In California, the Institute for Health and Socio-Economic Policy found that non-profit hospitals delivered charity care at levels below their for-profit counterparts and used "aggressive" debt collection methods. In North Carolina, an investigation led by The Charlotte Observer and The News & Observer of Raleigh found non-profit hospitals received tax breaks worth roughly 4.4 percent of their expenses, but about two-thirds of those hospitals spent less than that on charity care.
In June, Illinois Gov. Patrick Quinn signed into law new charity care regulations for hospitals to quality for property tax exemptions. In order to qualify, non-profit hospitals must now provide charity care that equals or exceeds the estimated value of a hospital's property tax exemption, which is calculated with a formula based on fair market value. Aside from the new state regulations, Chicago Mayor Rahm Emanuel also proposed stripping some non-profit hospitals' free water and sewer service to help lessen the $636 million hole in the city's budget.
These widely publicized events have prompted taxpayers to question whether non-profits' status is merely a guise. Non-profit hospitals' moral high ground took a hit in many respects, as non- and for-profit hospitals' charity care looked remarkably similar in some of these states.
Mr. Channing said tax status can generally be broken into three categories. One is for-profit hospitals, in which owners often recognize taxes as the cost of maintaining a company. Second is non-profit hospitals that are faring remarkably well financially, largely because of their surrounding demographics and a board that constantly challenges management to maintain positive bond ratings. Third are non-profit hospitals that are referred to as safety-nets and clearly serve the community in a way that justifies tax exemption — without question.

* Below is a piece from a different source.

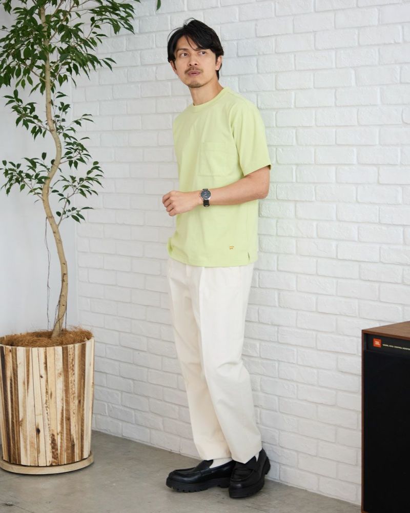 Tシャツを洗濯したら襟がヨレてしまった…という経験、ありますよね? Golden Bearの無地Tシャツは、強度のあるフライス素材で身生地を挟み込むバインダー仕様を採用。洗濯を繰り返しても襟がヨレにくく長くご愛用いただけます。

"The big difference is that we pay taxes. I'm proud of that," says Mr. Wexler. "I feel we are making a contribution to the good workings of the cities and towns our hospitals are located in."
Conclusion
The cultural gap between hospital leaders seems to be narrowing, as CEOs mesh traditional non- and for-profit sensibilities to reinforce the outstanding quality of care and financial durability necessary to thrive under healthcare reform.
And although leaders are closely aligning their priorities, hospitals' access to analytical and clinical resources remains a determining factor in how leaders blend their leadership style. As it stands, for-profit organizations still possess more sophisticated analytics to track fiscal performance on a regular basis, but non-profit hospitals are shaking any notion that this makes them less financially competent. In a time of rapid hospital consolidation and affiliations, time will tell whether conventional non- and for-profit leadership styles persist, or if healthcare will see a new class of hospital CEOs who master both of these tenets instinctively, having known no other way to lead.